Transportation Minister Glen Murray fired back the next day, criticizing Ford for injecting himself in the byelection and taking credit for a subway extension to Scarborough that the province was largely paying for.

He labelled Holyday a “mouthpiece candidate who is basically running now on the coattails of the mayor and his brother.”

Ford called Murray’s comments “unbelievable” and an “embarrassment.”

“The provincial government affects us. You have to get involved,” he said. “You choose a candidate and you get behind them.”

The Liberals were one seat short of a majority before the five resignations, and Wynne will still lead a minority government Friday regardless of the outcomes of the byelections.

Low voter turnouts are believed to help sitting governments, and both opposition parties were fuming when Wynne scheduled the byelections just before a long weekend at the peak of the summer vacation period.

With files from Keith Leslie


 

Ontario byelection results: Liberals 2, NDP 2, PC 1

  1. It is no wonder people are either jaded or apathetic concerning politics.

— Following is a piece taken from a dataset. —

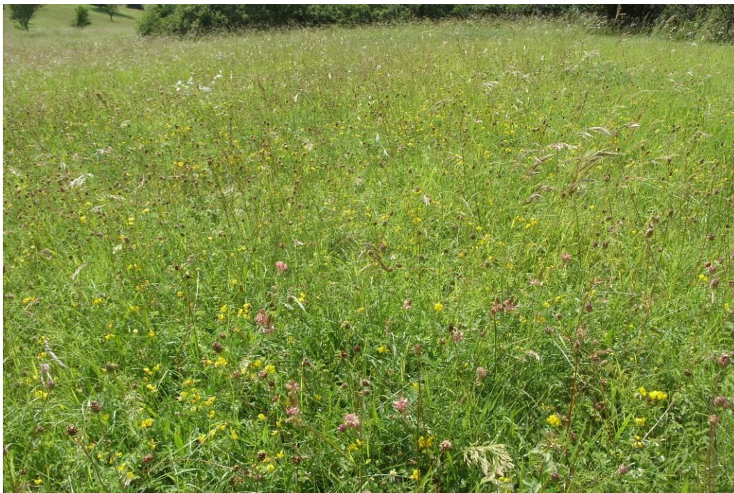
Foto 11: Trespen-Trockenrasen nordöstlich von Aschbach (BT-6311-0033-2012)

The Liberals are blanketed by the filth of some very bad decisions in the past 7 or so years, yet instead of acknowledging their demise and calling a full general election earlier in the year, they call a mid-summer by-election. Granted, the Liberals inherited difficult economic times in 2008, their decisions since then appear to be completely oblivious of the fact that many in Ontario cannot afford to have their taxes increased, fees doubled, money wasted and voices ignored.

    The legacy of this Liberal government will be either deliberate sabotage of Ontario’s well-being or near total incompetence. This government is a strong argument for criminal prosecution of corrupt governors.

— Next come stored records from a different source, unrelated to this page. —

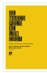
DE MARCO POLO AL LOW COST MARTÍNEZ SÁNCHEZ- MATEOS, HÉCTOR/RUBIO MARTÍN, MARÍA
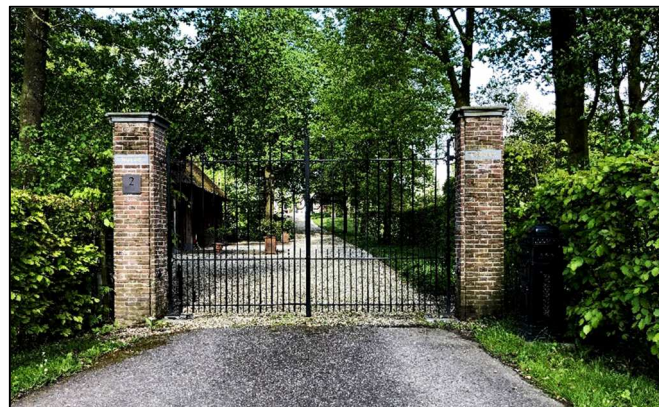
Ingang via Nieuwe Steeg

De eigenaar van het Huis Acquoy, waar de burcht gestaan heeft, gaf het Huis Acquoy aan een leenman. Deze leenman inde de inkomsten uit de Heerlijkheid van Acquoy. De lenen waren erfelijk en meestal erfde de oudste zoon deze. Bij elke vererving moest deze leen door de leenheer goedgekeurd worden. De heerlijke rechten die de leenman had waren o.a. het tiendrecht, vis en jachtrecht, verhuur van de korenmolen, veer en tol rechten en hij had het recht van wind. De meeste rechten bleven aan de heerlijkheid verbonden en gingen steeds over op de nieuwe heer. Verder had de leenheer (baron) collatie recht, het recht om een dominee te benoemen. De bewoners werden Heere en Vrouwe van Acquoy genoemd.
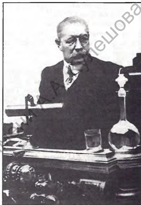
Дэпутат Дзяржаўнай думы, лідэр фракцыі кадэтаў П. М. Мілюкоў выступае з прамовай. 1915 г.
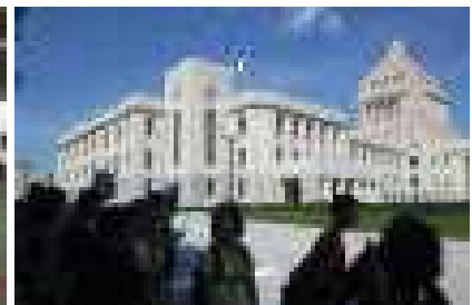
土曜参観日の校長講話の様子 9/13・14 6年が一泊二日で東京修学旅行へ

学校からのお願い 8/26のPTA資源回収へのご協力ありがとうございました。日常的にも、アルミ缶・段ボール等は、体育館南側の回収ステーションにて集めさせていただいています。引き続きご協力いただけますようお願いいたします。

    • Oh do stop with the silliness.

  2. Why can’t this send a message to the PC government that their snake leader is the wrong guy at the top . If you replace the snake ? I believe you could win next election but if the snake is still there ? No way with the PC government win …

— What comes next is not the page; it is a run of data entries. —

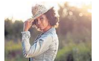
Tokunbo gastiert am 1. Juli in Nienburg.

Tickets zum Preis von 12 Euro gibt es ab sofort im Kulturwerk unter Telefon (050 21) 92 25 80 oder per E-Mail an info@nienburger-kulturwerk.de . DH
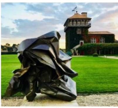
Pour BAD+, des initiatives déferlent un peu partout dans la ville jusqu'aux propriétés viticoles alentour. Ici, le château Smith Haut Lafitte.
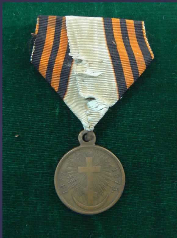
Медаль участника Русско-турецкой войны 1877–1878 гг. Лицевая сторона
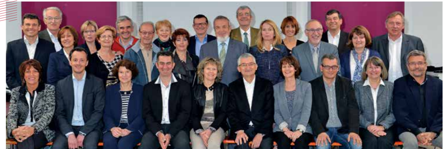
Les Conseillers communautaires de la CCGV

27 mai au siège de la CCGV / 262 avenue B. Thimonnier à Brignais.
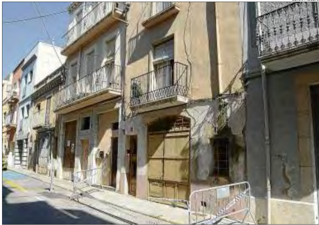
La casa de Figueres on s'ha ensorrat part del sostre d'un dels pisos.

L'ensorrament d'ahir es va produir a tres quarts de nou del matí quan un metre quadrat del sostre de la primera planta es va ensorrar. Al lloc s'hi van desplaçar dotacions de Bombers. Després d'una inspecció es va poder comprovar que no existien problemes estructurals del conjunt. Les dues persones que tenen l'habitatge en lloguer van haver de ser desallotjades i es va restringir l'accés a l'immoble. Serveis Socials es va fer càrrec dels desallotjats, que no havien patit ferides però que es van veure obligats a abandonar l'habitatge fins que es resolgui l'estat en què es troba. Segons va informar l'Ajuntament, es va concloure que els baixants d'aigua en mal estat hau-

    • it’s likely because they have such a strong “tea party” faction in their party from the Lanark Loony Association in the eastern part of the province that they can’t find a more moderate person they can all agree to take the helm.

      • Plus Hudak is Harper’s man in Ontario. Just notice how John Baird personally congratulated Hudak on Twitter last night about the PCs winning a seat in Toronto for the first time since 1999.

  3. And after all the comments and predictions on here for ages….the Liberal party….after 3 elections! when most people automatically want a change….still got 2 seats!

    The other big winner is the NDP…and considering we’ve had a bad experience with them before….it was ABC….anybody but Cons

  4. A bit disappointed that this only translated into 1 seat for the PCs. Ottawa South was winnable.

    But some perspective. Popular vote was as follows:

    PC – 36.9%
    Lib – 31.9%
    NDP – 31.2%

    Take out the union stronghold of Windsor, which NEVER votes PC, and it looks like this in the other 4 seats.

    PC – 39.8%
    LIB – 35.4%
    NDP – 24.9%

    For four liberal strongholds held by cabinet members, getting 40% is actually not horrible even if the vote splits were unfortunate, plus the obvious bloodbath in Windsor that would happen regardless of who the PC leader is.

    Yesterday I was convinced that Hudak should resign. But a bit of sober second thought, and the fact that there is no obvious replacement, means the PCs are stuck with him for one more try.

    • Why not go whole hog and get Randy Hillier as leader…..

    • Try doing a weighted percentage. Straight totals are meaningless. A large vote in one riding can completely unbalance the calculations.

      The weighted percentages are as follows.

      NDP – 39%
      PC – 37%
      Lib – 24%

      Good news for the NDP and the PCs. Not such good news for the Liberals. This is the result in liberal ridings.

      During a provincial election if the NDP and PC support increase in their riding and the liberal ridings split as they did above the result would be an NDP government. The current numbers leave not doubt about that.